Erradicar a los jesuitas se volvió un objetivo central a partir de la expulsión, se trataba de buscar
una obediencia competa del clero al Rey. Los fundamentos de la nueva legitimidad, no podían
provenir sino de algunas de las ideas de la ilustración. No de todas, sino de una versión selectiva
y católica que contribuyó a dar forma a un estilo de gobierno que se denominó “despotismo
ilustrado”.
La corona obtuvo la colaboración tanto del clero como de integrantes de otras órdenes que,
aunque no fueran entusiastas partícipes de la nueva sensibilidad, veían en la expulsión de los
jesuitas una ocasión inmejorable para acrecentar su influencia y patrimonio.
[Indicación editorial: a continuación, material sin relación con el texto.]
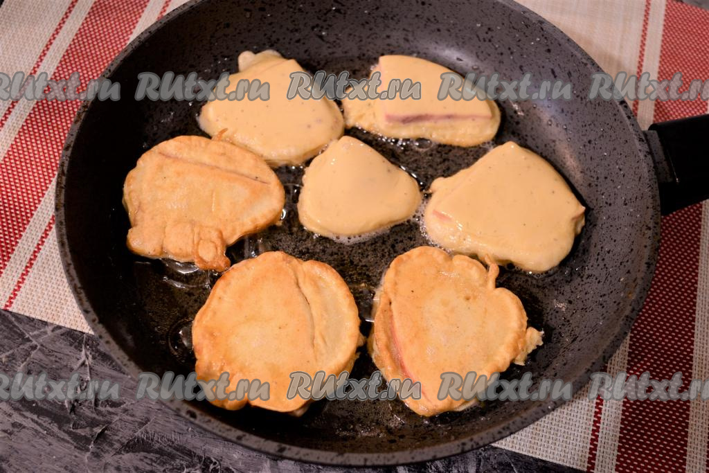 И затем выкладывать вилкой на разогретую с растительным маслом сковороду. Жарить колбасу в кляре на среднем огне до румяности с двух сторон.
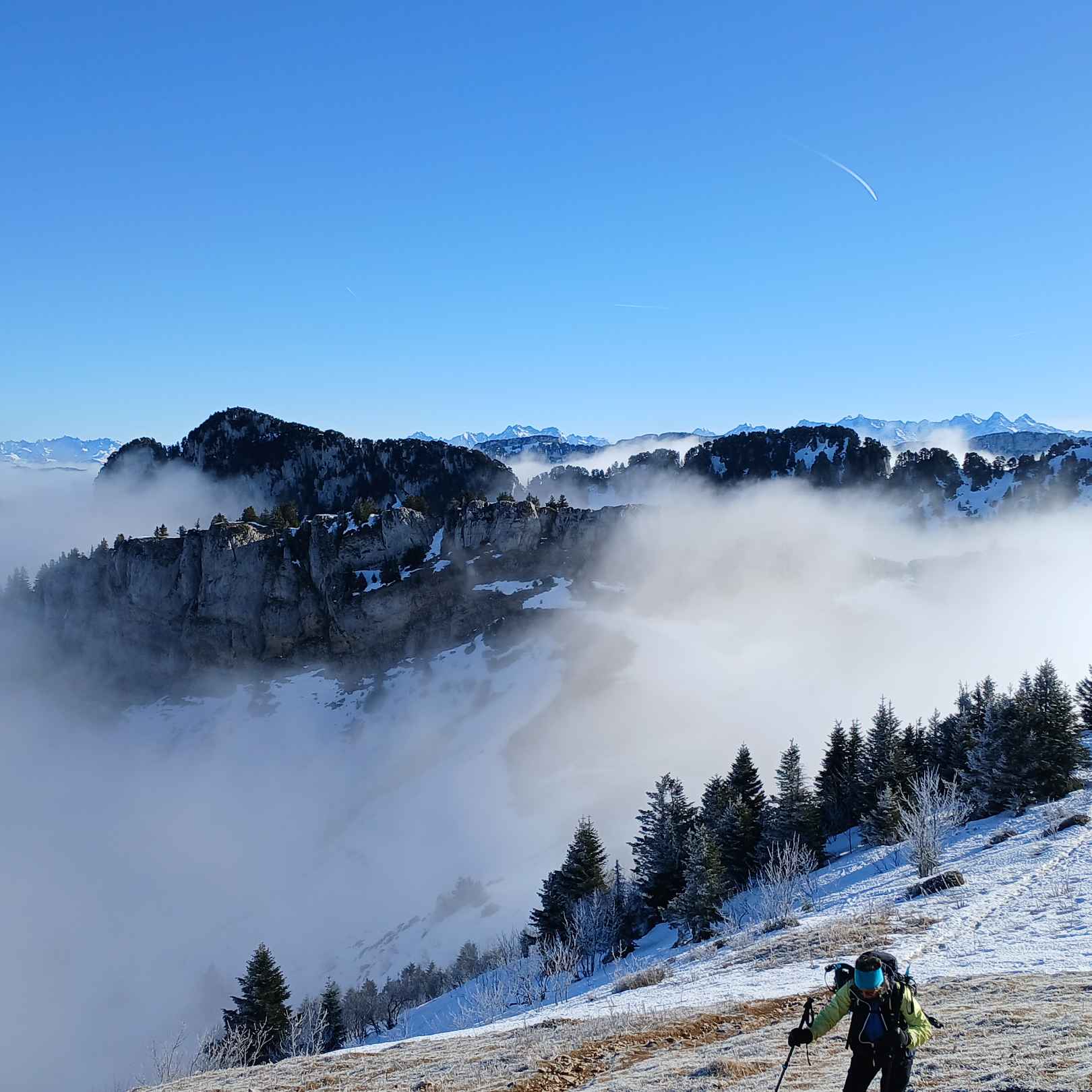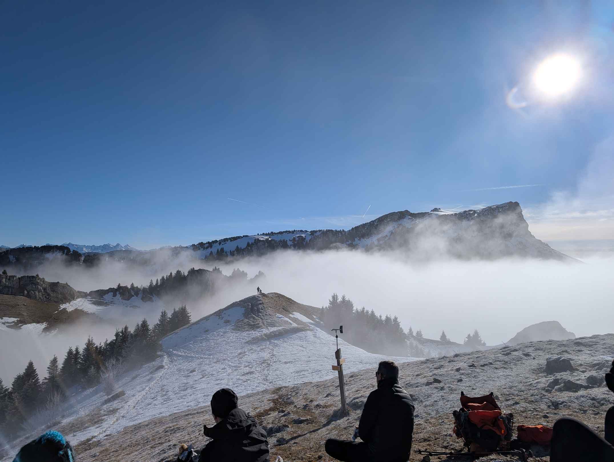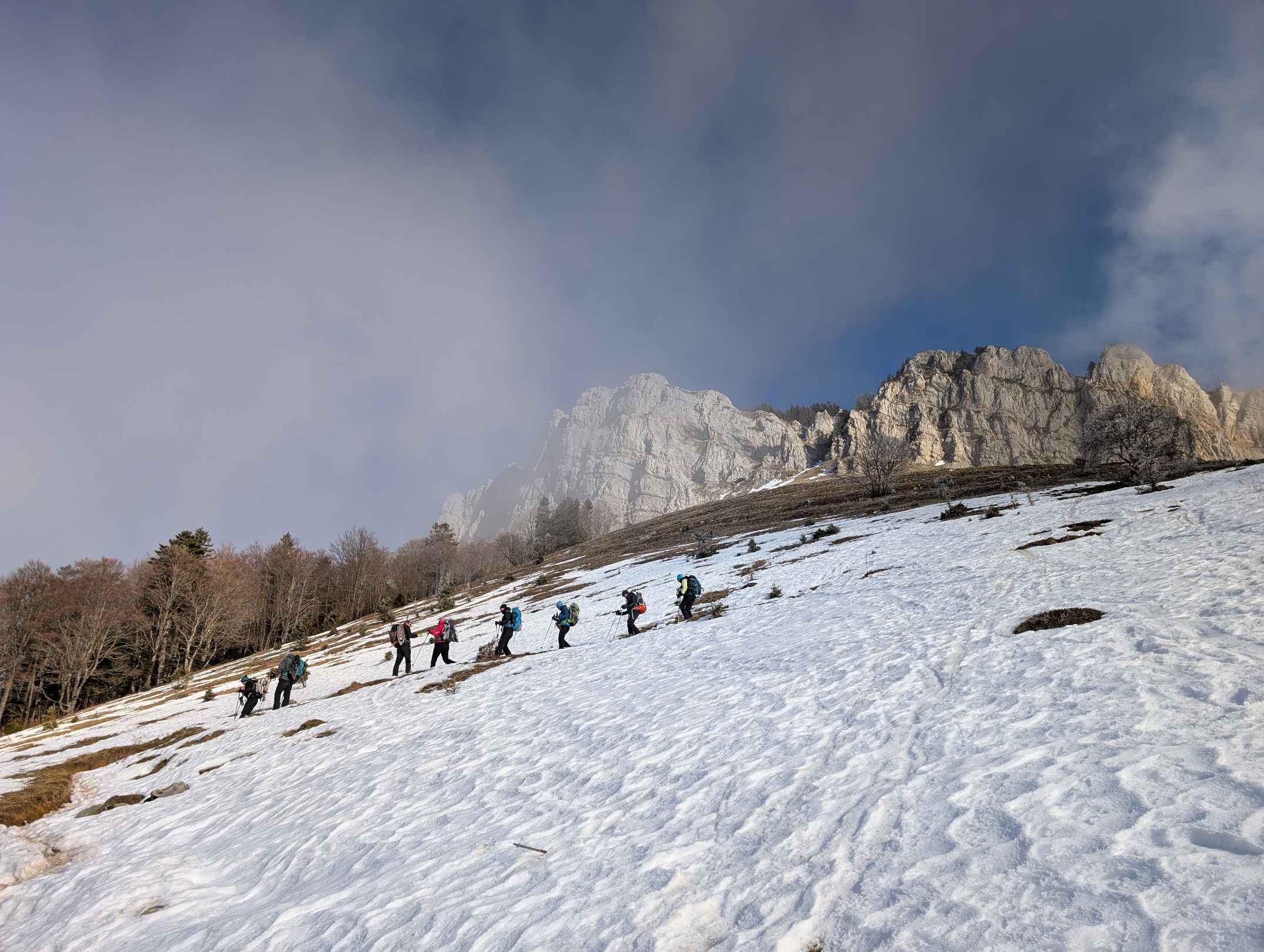 Belle sortie raquette pour démarrer 2026 avec le sommet du Petit Som en boucle depuis le Ruchère. Montée par le versant nord dans une neige bien dure nécessitant raquettes puis crampons (remarquez l'encadrement au petit soin pour aider les participants !) et descente versant sud par le Pas du Loup (complétement sec) et le Col de la Ruchère. Très belle vue au sommet au dessus des nuages et une surprise avec un superbe cercle de brocken et sa gloire (on en profite pour faire un petit cours d'optique avant la pause déjeuner). Une alternance de paysage agréable mais on espère le retour de la neige fraîche rapidement pour continuer la saison. A bientôt pour les prochaines sorties avec le club !

El eje de la política
eclesiástica oficial no se orientó tanto a fortalecer el papel del clero regular adicto, sino que
propició fundamentalmente la reforma del clero secular, a este fin contribuyeron los concilios
que se realizaron en México, Lima y Charcas en los años inmediatos a la expulsión.
La compañía era una suerte de estado autónomo dentro del imperio, con indios más leales a ella
que a la Corona. Pero la expulsión no fue una iniciativa exclusivamente española: la decisión de
Carlos III fue precedida por Portugal en 1759 y por Francia en 1764.